Boeing et Lockheed se sont refusés à tout commentaire.

Le premier lancement de Vulcan, prévu à 2h18 ET (0718 GMT) lundi, est l'aboutissement d'un effort de développement de plusieurs années qui découle en grande partie de la nécessité pour ULA de remplacer sa fusée Atlas V. Les moteurs de cette fusée, importés de Russie, ont suscité des critiques de la part de la communauté internationale. Les moteurs importés de Russie de cette fusée ont suscité des critiques de la part des législateurs, ce qui a conduit à son retrait programmé.

Le retrait d'Atlas - ainsi que de l'autre fusée de Vulcan, Delta - laissera Vulcan, haute de 60 mètres, gérer des dizaines de missions lucratives et servir d'unique challenger à la fusée réutilisable Falcon 9 de SpaceX.

La première mission de Vulcan consistera à envoyer sur la lune un atterrisseur privé de la société de robotique spatiale Astrobotic. Mais le lancement lui-même servira également de premier des deux vols de certification requis par l'armée de l'espace américaine avant que Vulcan ne puisse faire voler des satellites du Pentagone.

L'armée de l'espace est un client essentiel pour Vulcan : en 2020, la branche militaire a choisi Vulcan d'ULA et Atlas V, qui prend sa retraite, pour lancer 60 % des missions du Pentagone jusqu'en 2027 environ.

Avec un prix inférieur à celui de ses prédécesseurs, soit environ 110 millions de dollars par lancement, Vulcan cherchera à reprendre des parts de marché à Falcon 9, dont le prix est d'environ 62 millions de dollars par lancement. Les vols moins chers de SpaceX ont érodé la domination d'ULA sur les lancements de satellites gouvernementaux au cours de la dernière décennie.

Vulcan sera également en concurrence avec la future fusée New Glenn de Blue Origin, qui utilise les mêmes moteurs que Vulcan.

NÉGOCIATIONS D'ACQUISITION

Des négociations en vue d'une acquisition d'ULA sont en cours depuis plus d'un an, des dizaines d'entreprises, dont Blue Origin, ayant manifesté leur intérêt, ont indiqué les sources.

Blue Origin n'a pas répondu à une demande de commentaire.

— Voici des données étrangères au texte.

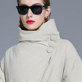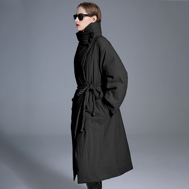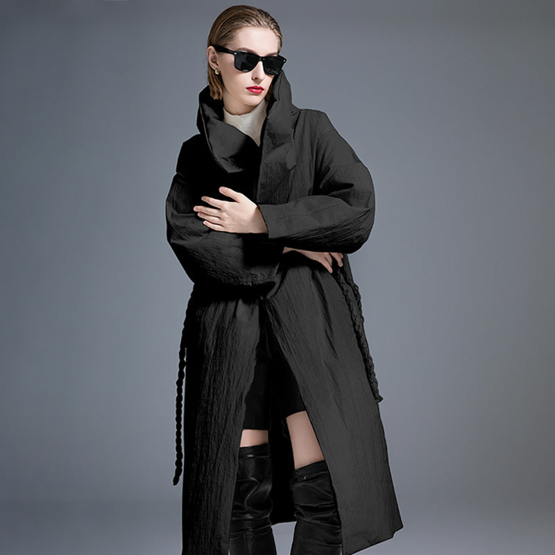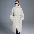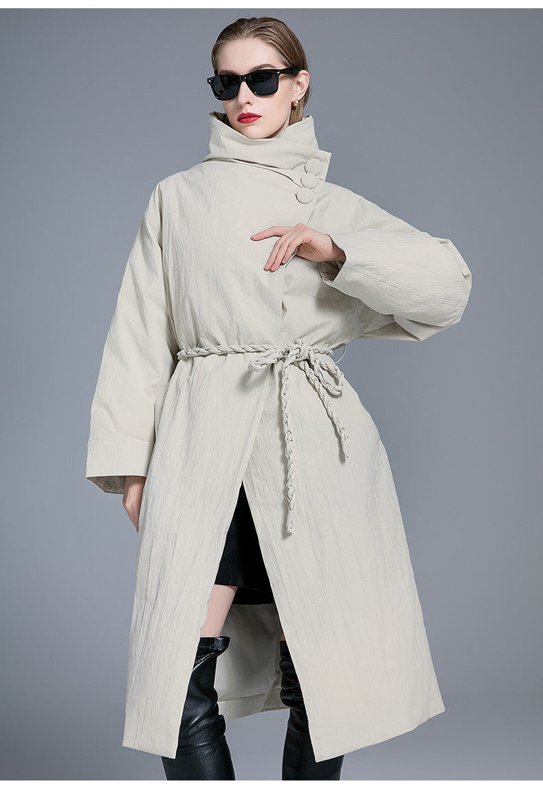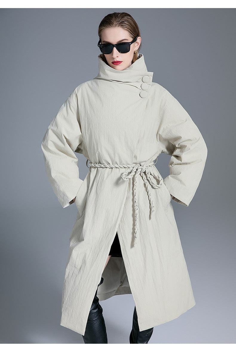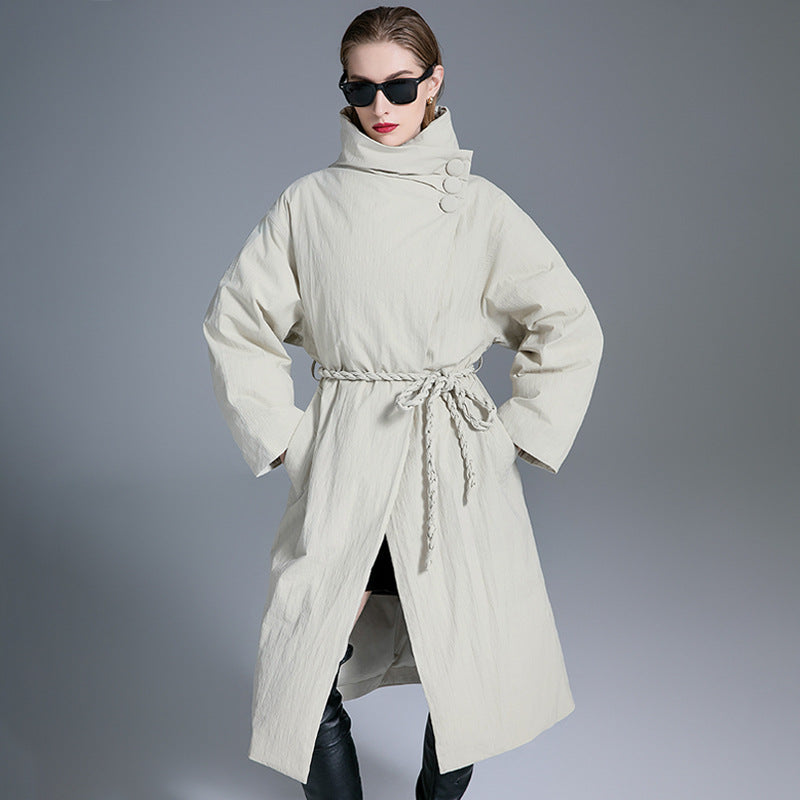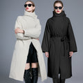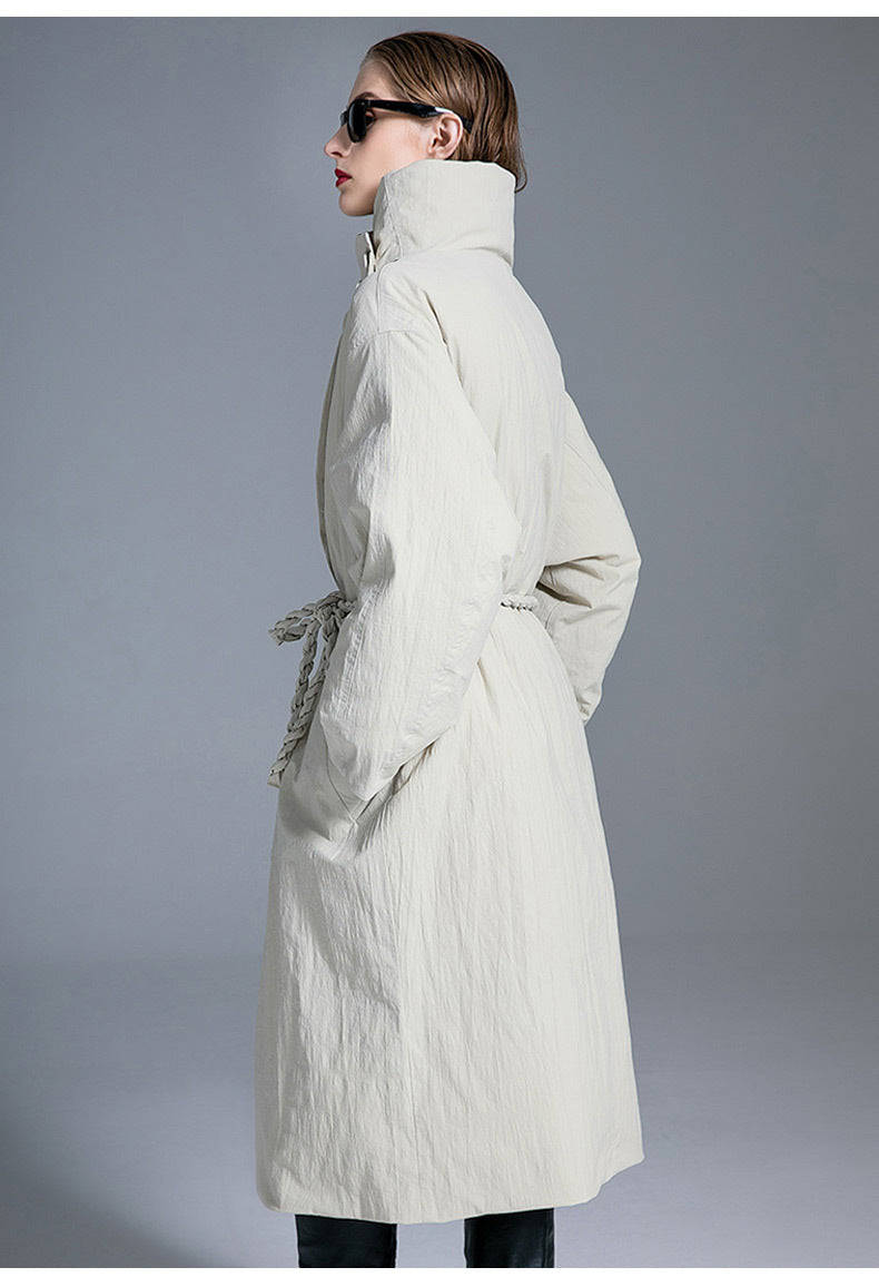 This long white duck down coat features a loose, comfortable silhouette with a pleated twist belt design that adds structure while maintaining an effortless look. Filled with 90% white duck down, it provides reliable warmth and insulation for cold winter days, while the high-density outer fabric enhances durability and wind resistance.
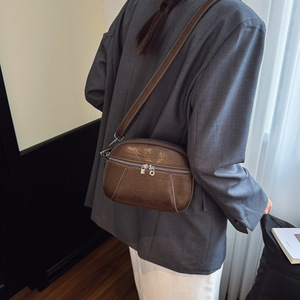 2025秋冬新款复古软皮枕头包女简约多层收纳单肩包通勤百搭斜挎包

Les raisons et le calendrier de la vente d'ULA par Boeing et Lockheed ne sont pas clairs. Mais l'industrie spatiale américaine a connu d'importants changements depuis la création d'ULA en 2006, dans le but de dominer les lancements gouvernementaux et de capter une partie de la demande commerciale du marché des satellites, alors naissant.

La croissance du marché commercial a été plus lente que prévu, a déclaré Richard McKinney, consultant en aérospatiale et ancien directeur de l'unité d'acquisition spatiale de l'armée de l'air jusqu'en 2007. "Mais il semble que nous soyons sur le point d'y arriver.

Le réseau Kuiper prévu par Amazon devrait apporter à ULA des recettes de lancement cruciales.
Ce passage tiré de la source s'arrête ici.